Co-author Dan Stark continues: "Thanks to the amplification of the galaxy's light by the gravitational lens, we have some excellent quality data. Our work confirms some earlier observations that had hinted at the presence of old stars in early galaxies. This suggests that the first galaxies have been around for a lot longer than previously thought."
This illustration shows a phenomenon known as gravitational lensing, which is used by astronomers to study very distant and very faint galaxies. Note that the scale has been greatly exaggerated in this diagram. In reality, the distant galaxy is much further away and much smaller. Lensing clusters are clusters of elliptical galaxies whose gravity is so strong that they bend the light from the galaxies behind them. This produces distorted, and often multiple images of the background galaxy. But despite this distortion, gravitational lenses allow for greatly improved observations as the gravity bends the light’s path towards Hubble, amplifying the light and making otherwise invisible objects observable. A team of astronomers has used Abell 383, one such gravitational lens, to observe a distant galaxy whose light is resolved into two images by the cluster. The gravitational lensing effect means that astronomers have been able to determine fascinating insights about the galaxy that would not normally be visible even with Hubble or large ground-based telescopes. Among their discoveries is that the distant galaxy’s stars are very old, meaning that galaxies probably formed earlier in cosmic history than we first thought. Credit: NASA, ESA The discovery has implications beyond the question of when galaxies first formed, and may help explain how the Universe became transparent to ultraviolet light in the first billion years after the Big Bang. In the early years of the cosmos, a diffuse fog of neutral hydrogen gas blocked ultraviolet light in the Universe. Some source of radiation must therefore have progressively ionised the diffuse gas, clearing the fog to make it transparent to ultraviolet rays as it is today — a process known as reionisation.

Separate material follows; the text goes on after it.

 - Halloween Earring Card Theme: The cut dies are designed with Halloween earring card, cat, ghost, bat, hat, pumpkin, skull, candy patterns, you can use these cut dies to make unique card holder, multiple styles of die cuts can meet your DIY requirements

Astronomers believe that the radiation that powered this reionisation must have come from galaxies. But so far, nowhere near enough of them have been found to provide the necessary radiation. This discovery may help solve this enigma.

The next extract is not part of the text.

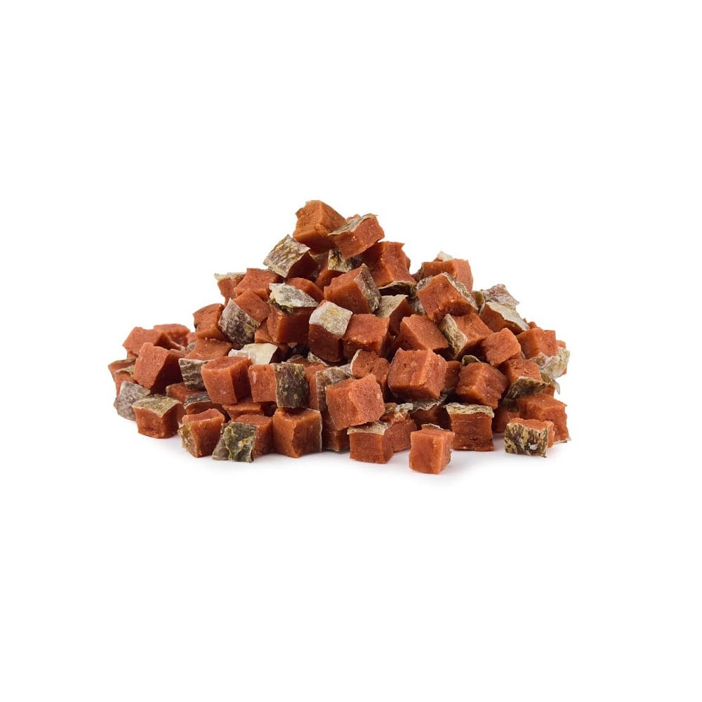 Sunde og fedtfattige tern af laks. Lufttørres og virkelig lækre guffer til din hund! Pose med 80 gram

"It seems probable that there are in fact far more galaxies out there in the early Universe than we previously estimated — it's just that many galaxies are older and fainter, like the one we have just discovered," says co-author Jean-Paul Kneib. "If this unseen army of faint, elderly galaxies is indeed out there, they could provide the missing radiation that made the Universe transparent to ultraviolet light."
As of today, we can only discover these galaxies by observing through massive clusters that act as cosmic telescopes. In coming years, the NASA/ESA/CSA James Webb Space Telescope, scheduled for launch later this decade, will specialise in high resolution observations of distant, highly redshifted objects. It will therefore be in an ideal position to solve this mystery once and for all.